Scan the records below for the line containing "A prosthetic foot" and the line containing "Грудь и прилегающая". Copy both, plus every line between, exactly.

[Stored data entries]
*****
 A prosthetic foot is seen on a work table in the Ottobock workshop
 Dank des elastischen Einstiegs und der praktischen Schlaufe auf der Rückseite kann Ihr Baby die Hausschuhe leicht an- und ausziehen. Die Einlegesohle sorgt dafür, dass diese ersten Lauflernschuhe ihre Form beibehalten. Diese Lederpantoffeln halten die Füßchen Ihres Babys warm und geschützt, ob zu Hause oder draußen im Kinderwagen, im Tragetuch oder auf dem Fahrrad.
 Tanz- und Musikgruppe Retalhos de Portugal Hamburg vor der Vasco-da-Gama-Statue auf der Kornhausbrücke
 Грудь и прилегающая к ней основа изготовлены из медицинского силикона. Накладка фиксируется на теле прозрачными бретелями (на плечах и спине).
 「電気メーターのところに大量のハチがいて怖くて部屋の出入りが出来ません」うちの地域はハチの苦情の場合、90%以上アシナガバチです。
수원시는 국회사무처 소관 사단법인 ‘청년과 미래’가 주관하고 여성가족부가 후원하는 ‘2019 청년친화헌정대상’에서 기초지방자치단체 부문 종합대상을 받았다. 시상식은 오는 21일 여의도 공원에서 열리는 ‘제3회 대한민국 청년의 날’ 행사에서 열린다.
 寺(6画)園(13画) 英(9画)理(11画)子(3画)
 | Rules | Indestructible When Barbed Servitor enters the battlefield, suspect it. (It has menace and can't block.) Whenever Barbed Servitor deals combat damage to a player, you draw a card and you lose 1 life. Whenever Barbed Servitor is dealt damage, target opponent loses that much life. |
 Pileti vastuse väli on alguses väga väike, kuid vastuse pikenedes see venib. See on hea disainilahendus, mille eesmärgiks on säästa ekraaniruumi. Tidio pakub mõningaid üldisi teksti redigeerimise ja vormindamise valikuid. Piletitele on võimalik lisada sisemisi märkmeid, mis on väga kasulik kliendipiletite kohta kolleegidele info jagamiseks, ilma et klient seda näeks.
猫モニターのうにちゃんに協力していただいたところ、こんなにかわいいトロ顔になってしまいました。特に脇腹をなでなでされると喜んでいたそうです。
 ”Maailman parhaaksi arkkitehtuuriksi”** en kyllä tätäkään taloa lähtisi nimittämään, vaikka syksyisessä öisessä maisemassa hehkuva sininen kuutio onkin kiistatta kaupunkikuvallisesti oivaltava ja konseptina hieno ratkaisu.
*****
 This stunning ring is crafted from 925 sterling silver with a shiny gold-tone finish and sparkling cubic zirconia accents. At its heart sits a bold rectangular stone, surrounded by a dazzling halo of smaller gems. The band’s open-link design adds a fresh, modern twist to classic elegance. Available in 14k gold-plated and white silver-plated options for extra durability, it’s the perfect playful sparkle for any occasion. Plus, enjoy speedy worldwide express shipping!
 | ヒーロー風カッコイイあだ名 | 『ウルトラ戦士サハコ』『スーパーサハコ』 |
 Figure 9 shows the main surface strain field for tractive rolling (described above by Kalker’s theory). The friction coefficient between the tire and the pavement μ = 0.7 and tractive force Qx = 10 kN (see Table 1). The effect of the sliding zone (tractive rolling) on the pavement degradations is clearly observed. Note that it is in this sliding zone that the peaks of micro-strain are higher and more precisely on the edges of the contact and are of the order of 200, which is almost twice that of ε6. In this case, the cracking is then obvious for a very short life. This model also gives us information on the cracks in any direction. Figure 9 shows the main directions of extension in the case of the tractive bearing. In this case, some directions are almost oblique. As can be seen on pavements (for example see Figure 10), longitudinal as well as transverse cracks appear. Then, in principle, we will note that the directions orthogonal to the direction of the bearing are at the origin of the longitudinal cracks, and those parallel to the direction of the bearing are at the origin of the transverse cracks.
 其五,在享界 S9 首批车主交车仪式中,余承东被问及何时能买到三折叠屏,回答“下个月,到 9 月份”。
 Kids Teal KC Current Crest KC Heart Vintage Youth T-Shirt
*****
→ RESULT FOR THIS TASK
 A prosthetic foot is seen on a work table in the Ottobock workshop
 Dank des elastischen Einstiegs und der praktischen Schlaufe auf der Rückseite kann Ihr Baby die Hausschuhe leicht an- und ausziehen. Die Einlegesohle sorgt dafür, dass diese ersten Lauflernschuhe ihre Form beibehalten. Diese Lederpantoffeln halten die Füßchen Ihres Babys warm und geschützt, ob zu Hause oder draußen im Kinderwagen, im Tragetuch oder auf dem Fahrrad.
 Tanz- und Musikgruppe Retalhos de Portugal Hamburg vor der Vasco-da-Gama-Statue auf der Kornhausbrücke
 Грудь и прилегающая к ней основа изготовлены из медицинского силикона. Накладка фиксируется на теле прозрачными бретелями (на плечах и спине).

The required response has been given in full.